Do Your Customers Really Love You? Here Are 3 Ways to Find Out
What constitutes a good customer experience can feel subjective. But your customers have clear ways of letting you know how yours measures up.
In your quest to consistently deliver remarkable customer experiences, an important question will often pop up: How do you know if something is remarkable?
Sure, you have your own internal standards of what "good" looks like within your company. Ultimately, however, your customers will have the final say as to whether or not a product, service, or experience is swoon-worthy.
As such, it's good practice to get comfortable with experimenting and trying different approaches until you find the essential elements that wow your customers over and over again.
As you test different initiatives, look for one or more of the following signals from your customers that what you created for them was, indeed, remarkable:
1. They tell you.
Last week, I was a guest lecturer for a course on diversity and inclusion at the University of Pennsylvania. Leading up to the session, I was super nervous about presenting my ideas in a new format.

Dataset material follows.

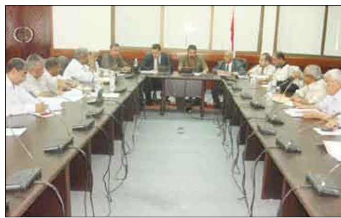
المقر عقد في نوفمبر العام الجاري. وأضاف الأخ المحافظ أن عقد ندوة خلق بيئة الاستثمار المقرر اقامتها في 22 من الشهر الجاري ستساعد على إبراز مكانة

القوة والضعف في المجالات الاقتصادية والاستثمارية داخل المحافظة من خلال إشراك كافة الجهات المعنية بالاستثمار. وتطرق اللجنة في اجتماعها إلى مستوى التحضير والاستعداد للمؤتمر من قبل الغرفة التجارية والصناعية في عدن وهيئة الاستثمار والمنطقة الحرة وكذا الجهات الأخرى المعنية وتقديم واستعراض الفرص الاستثمارية المتوفرة في العديد من القطاعات التي سيتم تقديمها وعرضها في المؤتمر. كما تطرقت اللجنة أيضا إلى الموافقات التي تم تلقيها من قبل المنظمات والغرف التجارية والأجنبية والمنظمات الدولية والسفارات والاتحادات الخارجية في عموم دول العالم المشاركة في المؤتمر البالغ عددها 300 موافقة.

During the question and answer section, students started telling me how much they'd enjoyed what was presented. They gushed about how many notes they had taken, and how they planned on using this new information when they left the classroom.
This unsolicited feedback about the experience I delivered was a clear signal to me that the information and the format were both a hit.
Some people won't give you any feedback, no matter what you do. But there will be a group of others who will go out of their way to make sure you know the positive impact and impression what you delivered had on them.
What if you create something you think is great, but it's met with the sound of crickets? That's valuable feedback, too. Your handiwork hasn't quite reached "remarkable" status yet.
2. They spread the word.
We live in an age where people have no problem sharing. They especially share the things that move them.
Earlier this month, a lot of my friends were captivated by the Royal Wedding. They shared articles about it, what they thought about every detail of the wedding, photos of themselves getting up at the crack of dawn to watch, video clips of different elements of the wedding, and much more.
When your customers are delighted, they will voluntarily share it with others.
Whenever I encounter a business doing something remarkable, I can't shut up about it. I post about it on social media, I'll tell my crew in person, and I'll often write about it. I'll shout far and wide to let folks know, so they can get a dose of the goodness I experienced.
You know you're onto something that resonates when you peruse social media, YouTube, and other channels and see your customers raving about you. If your business isn't the kind that people talk about publicly, don't fret: If you consistently get referrals from past clients, you're on the right track.
3. They come back for more.
Repeat business is the best signal that you're doing extraordinary work. Your customers have an abundance of choice available to them, so if they forsake other options to come back for more of what you have to offer, you've left a positive impression. Double down on what you're doing.
If you get a bunch of new customers only to never see them again, you have a leaky bucket. At least one element of your customer journey doesn't give your customers a compelling enough reason to come back. No bueno.
Your goal should be to make your brand such an integral part of your customers' lives that they hyperventilate a bit at the thought of not having you in their world. You can do that by delivering products, services, and experiences that are so remarkable that they induce at least one of the reactions noted above.
Start tinkering with elevating the moments and experiences your customers encounter throughout every area of their journey with you. In time, you'll get the kind of feedback from them that will let you know when you've created something that is outstanding.